------ Extracted material

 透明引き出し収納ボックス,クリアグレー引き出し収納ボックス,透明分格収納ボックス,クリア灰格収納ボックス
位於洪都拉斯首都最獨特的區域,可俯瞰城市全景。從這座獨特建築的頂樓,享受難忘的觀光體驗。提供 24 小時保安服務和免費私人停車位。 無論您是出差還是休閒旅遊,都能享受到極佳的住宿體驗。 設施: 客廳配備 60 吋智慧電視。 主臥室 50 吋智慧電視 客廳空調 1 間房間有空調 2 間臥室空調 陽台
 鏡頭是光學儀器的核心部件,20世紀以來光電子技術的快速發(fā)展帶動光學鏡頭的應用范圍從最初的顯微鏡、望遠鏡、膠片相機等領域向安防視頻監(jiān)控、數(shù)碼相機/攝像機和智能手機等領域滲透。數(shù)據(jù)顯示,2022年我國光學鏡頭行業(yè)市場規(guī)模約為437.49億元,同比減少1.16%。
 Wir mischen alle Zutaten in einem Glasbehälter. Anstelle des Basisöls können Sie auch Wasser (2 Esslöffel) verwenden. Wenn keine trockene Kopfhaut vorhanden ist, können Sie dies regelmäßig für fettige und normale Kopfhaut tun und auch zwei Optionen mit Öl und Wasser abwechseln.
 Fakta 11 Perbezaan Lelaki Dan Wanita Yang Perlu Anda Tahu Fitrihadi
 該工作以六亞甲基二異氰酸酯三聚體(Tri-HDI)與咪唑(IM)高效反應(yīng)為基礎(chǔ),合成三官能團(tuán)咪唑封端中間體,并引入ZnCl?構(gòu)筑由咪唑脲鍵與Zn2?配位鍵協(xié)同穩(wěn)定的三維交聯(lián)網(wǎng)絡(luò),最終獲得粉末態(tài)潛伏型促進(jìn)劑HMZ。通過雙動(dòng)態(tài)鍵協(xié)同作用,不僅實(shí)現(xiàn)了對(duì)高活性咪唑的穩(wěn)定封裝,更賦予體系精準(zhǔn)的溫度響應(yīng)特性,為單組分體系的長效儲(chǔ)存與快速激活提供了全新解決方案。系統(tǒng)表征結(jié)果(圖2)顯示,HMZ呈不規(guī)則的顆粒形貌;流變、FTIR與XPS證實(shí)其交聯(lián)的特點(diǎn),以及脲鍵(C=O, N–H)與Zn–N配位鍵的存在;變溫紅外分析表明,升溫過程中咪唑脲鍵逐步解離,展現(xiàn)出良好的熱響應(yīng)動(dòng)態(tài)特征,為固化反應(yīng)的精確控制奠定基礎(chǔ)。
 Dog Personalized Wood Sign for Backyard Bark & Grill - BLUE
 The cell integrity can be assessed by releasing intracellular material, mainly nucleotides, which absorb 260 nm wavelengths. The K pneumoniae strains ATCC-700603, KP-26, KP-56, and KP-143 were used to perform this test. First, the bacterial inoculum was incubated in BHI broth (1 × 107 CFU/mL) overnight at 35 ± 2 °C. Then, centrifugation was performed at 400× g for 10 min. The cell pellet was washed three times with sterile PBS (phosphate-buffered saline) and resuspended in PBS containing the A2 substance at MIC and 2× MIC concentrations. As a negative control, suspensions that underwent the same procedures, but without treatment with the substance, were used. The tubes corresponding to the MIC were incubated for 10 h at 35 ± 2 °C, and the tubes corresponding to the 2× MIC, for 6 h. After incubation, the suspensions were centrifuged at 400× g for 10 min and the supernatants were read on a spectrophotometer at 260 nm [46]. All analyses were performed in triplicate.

------------
------ Extracted material

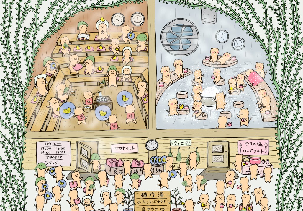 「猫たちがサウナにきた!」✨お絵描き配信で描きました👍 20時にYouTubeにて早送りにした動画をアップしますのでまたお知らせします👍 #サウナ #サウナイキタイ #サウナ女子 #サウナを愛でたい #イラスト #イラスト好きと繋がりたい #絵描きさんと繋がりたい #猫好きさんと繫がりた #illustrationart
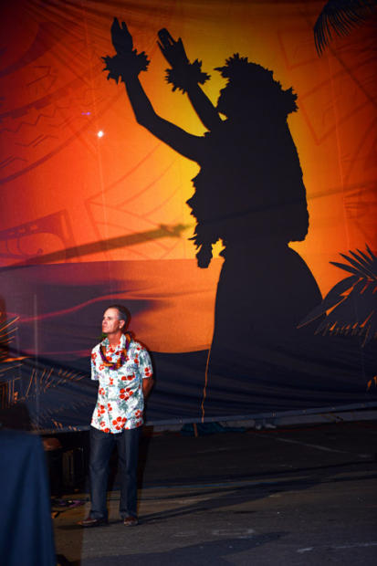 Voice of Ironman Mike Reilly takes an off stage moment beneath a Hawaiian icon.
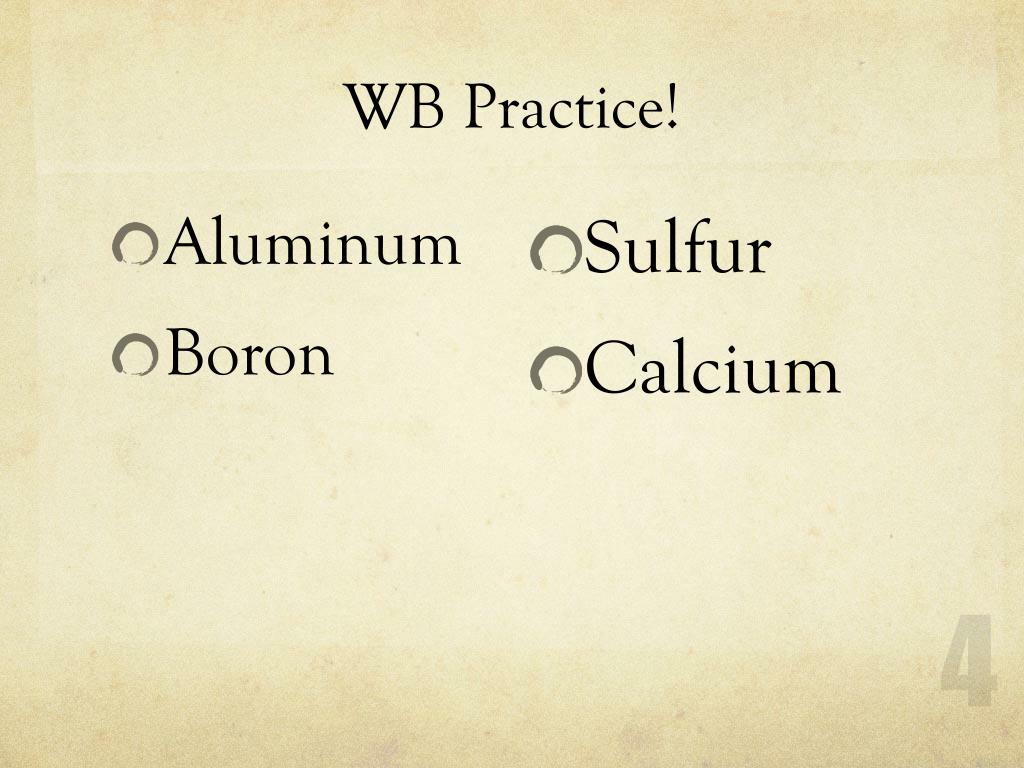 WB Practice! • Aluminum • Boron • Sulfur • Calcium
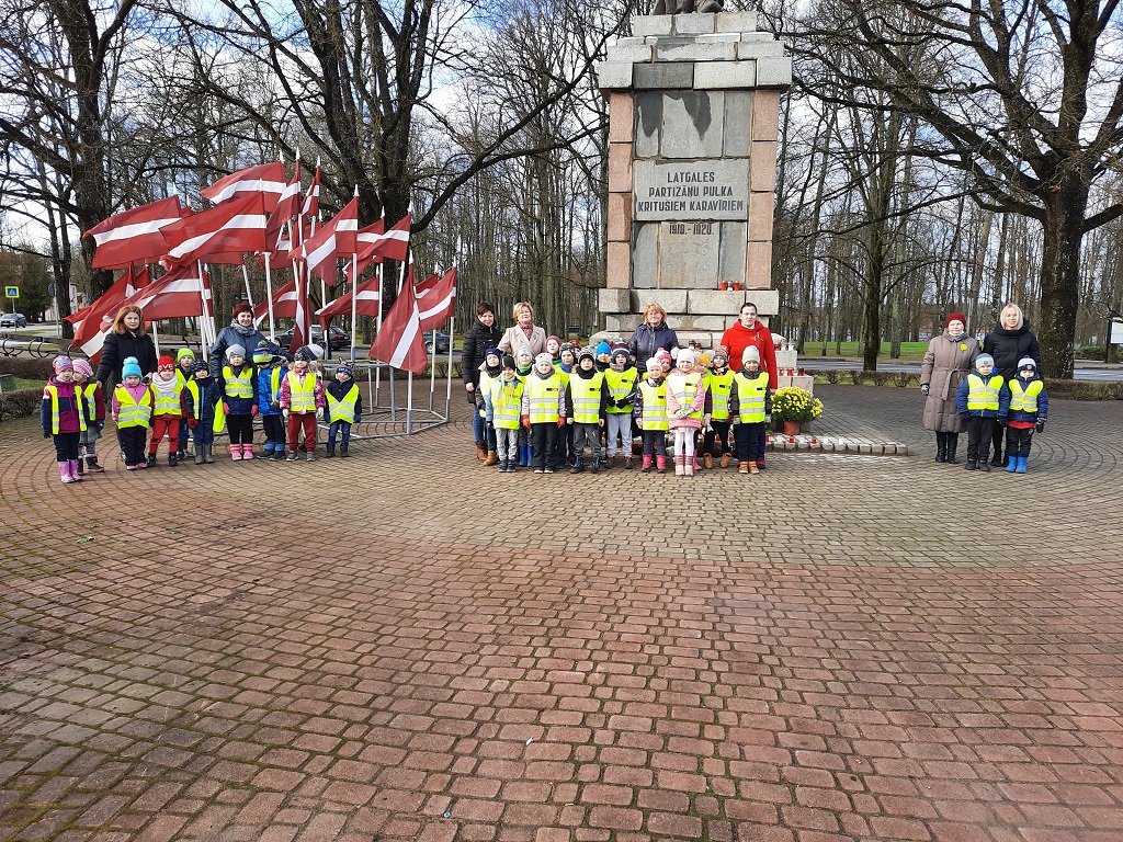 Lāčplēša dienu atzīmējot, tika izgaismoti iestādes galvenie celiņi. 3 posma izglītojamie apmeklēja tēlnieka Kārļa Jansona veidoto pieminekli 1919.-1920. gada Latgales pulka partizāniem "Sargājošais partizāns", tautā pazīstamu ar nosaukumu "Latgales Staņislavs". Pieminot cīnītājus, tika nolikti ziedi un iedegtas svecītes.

------------
------ Extracted material

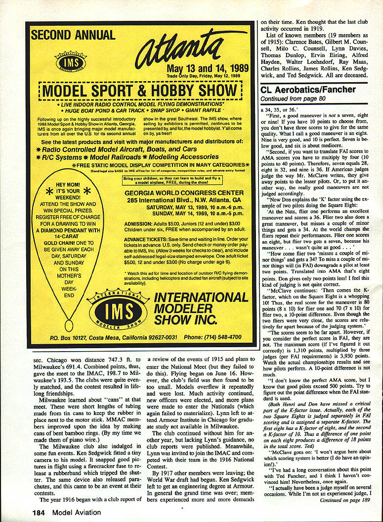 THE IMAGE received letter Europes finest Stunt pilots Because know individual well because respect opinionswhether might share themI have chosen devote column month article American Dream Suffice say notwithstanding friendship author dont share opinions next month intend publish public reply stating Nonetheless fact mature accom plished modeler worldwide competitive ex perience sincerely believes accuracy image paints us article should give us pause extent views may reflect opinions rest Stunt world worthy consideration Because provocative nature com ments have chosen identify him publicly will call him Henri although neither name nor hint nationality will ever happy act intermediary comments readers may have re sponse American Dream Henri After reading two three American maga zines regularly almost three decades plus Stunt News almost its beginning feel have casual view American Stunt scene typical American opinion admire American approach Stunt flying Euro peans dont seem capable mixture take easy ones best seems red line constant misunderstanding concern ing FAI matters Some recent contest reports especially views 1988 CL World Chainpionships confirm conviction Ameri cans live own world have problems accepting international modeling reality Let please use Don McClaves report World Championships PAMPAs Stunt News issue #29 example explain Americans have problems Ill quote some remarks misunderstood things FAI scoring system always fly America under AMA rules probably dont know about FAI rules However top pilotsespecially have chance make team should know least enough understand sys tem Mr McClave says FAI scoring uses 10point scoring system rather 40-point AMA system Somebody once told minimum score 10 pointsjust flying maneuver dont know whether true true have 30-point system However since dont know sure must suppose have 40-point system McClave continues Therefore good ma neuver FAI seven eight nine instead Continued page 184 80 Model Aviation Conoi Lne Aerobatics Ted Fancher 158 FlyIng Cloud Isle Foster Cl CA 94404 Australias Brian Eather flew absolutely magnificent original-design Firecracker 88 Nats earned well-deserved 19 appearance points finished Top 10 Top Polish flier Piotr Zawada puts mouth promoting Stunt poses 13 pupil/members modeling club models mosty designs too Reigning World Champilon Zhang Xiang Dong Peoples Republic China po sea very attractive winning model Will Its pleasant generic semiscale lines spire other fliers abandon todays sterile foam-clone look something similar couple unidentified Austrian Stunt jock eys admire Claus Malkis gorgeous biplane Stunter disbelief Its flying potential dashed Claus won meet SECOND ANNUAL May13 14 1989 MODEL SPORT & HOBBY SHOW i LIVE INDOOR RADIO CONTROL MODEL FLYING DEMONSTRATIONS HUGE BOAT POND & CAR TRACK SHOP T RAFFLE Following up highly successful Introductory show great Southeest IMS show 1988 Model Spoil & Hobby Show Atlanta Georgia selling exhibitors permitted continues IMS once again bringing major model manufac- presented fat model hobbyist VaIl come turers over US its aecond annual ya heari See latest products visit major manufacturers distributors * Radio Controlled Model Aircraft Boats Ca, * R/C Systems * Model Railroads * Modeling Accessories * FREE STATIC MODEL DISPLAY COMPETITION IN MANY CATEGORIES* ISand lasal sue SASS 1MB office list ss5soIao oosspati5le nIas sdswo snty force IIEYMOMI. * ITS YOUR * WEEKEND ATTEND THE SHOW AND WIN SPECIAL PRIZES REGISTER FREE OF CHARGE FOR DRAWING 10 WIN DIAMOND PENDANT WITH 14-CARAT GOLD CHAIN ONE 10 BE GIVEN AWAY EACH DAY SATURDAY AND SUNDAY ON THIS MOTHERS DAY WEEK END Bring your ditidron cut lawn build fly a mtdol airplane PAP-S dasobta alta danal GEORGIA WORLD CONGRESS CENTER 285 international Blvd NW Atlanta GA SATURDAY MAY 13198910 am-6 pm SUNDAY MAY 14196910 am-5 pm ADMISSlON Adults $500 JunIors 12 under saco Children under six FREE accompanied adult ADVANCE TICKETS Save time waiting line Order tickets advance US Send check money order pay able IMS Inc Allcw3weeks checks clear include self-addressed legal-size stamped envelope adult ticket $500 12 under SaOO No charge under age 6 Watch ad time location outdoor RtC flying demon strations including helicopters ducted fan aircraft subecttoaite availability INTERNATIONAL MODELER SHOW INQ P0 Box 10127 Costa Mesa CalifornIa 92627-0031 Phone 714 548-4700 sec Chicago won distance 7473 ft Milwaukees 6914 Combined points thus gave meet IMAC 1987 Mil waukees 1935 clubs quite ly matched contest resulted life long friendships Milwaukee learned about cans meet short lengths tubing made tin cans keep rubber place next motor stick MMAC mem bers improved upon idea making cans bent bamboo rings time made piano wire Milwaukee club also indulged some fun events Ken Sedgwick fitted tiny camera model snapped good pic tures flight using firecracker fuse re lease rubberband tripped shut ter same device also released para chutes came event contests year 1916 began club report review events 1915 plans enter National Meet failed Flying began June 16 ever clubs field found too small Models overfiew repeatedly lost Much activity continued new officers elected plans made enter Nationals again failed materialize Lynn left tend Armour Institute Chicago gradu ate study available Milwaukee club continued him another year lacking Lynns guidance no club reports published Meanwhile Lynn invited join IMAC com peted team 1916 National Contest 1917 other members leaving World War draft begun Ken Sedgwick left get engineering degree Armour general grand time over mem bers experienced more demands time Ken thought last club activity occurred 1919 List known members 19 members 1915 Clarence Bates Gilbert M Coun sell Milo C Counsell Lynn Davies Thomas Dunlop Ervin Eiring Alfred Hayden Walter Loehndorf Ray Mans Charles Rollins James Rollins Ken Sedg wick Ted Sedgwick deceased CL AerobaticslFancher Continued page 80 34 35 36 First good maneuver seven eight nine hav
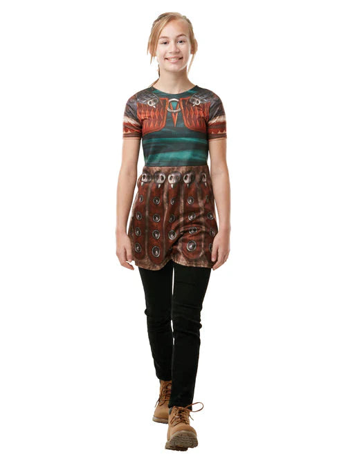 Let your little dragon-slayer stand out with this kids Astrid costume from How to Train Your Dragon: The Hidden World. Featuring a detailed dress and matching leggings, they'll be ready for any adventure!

------------

*What you are asked to do*.
Copy out exactly the lines above beginning with the line that contains "Voice of Ironman" and finishing with the line that contains "Lāčplēša dienu atzīmējot, tika", including both; leave the pictures out.

*Solution for this exercise*.
 Voice of Ironman Mike Reilly takes an off stage moment beneath a Hawaiian icon.
 WB Practice! • Aluminum • Boron • Sulfur • Calcium
 Lāčplēša dienu atzīmējot, tika izgaismoti iestādes galvenie celiņi. 3 posma izglītojamie apmeklēja tēlnieka Kārļa Jansona veidoto pieminekli 1919.-1920. gada Latgales pulka partizāniem "Sargājošais partizāns", tautā pazīstamu ar nosaukumu "Latgales Staņislavs". Pieminot cīnītājus, tika nolikti ziedi un iedegtas svecītes.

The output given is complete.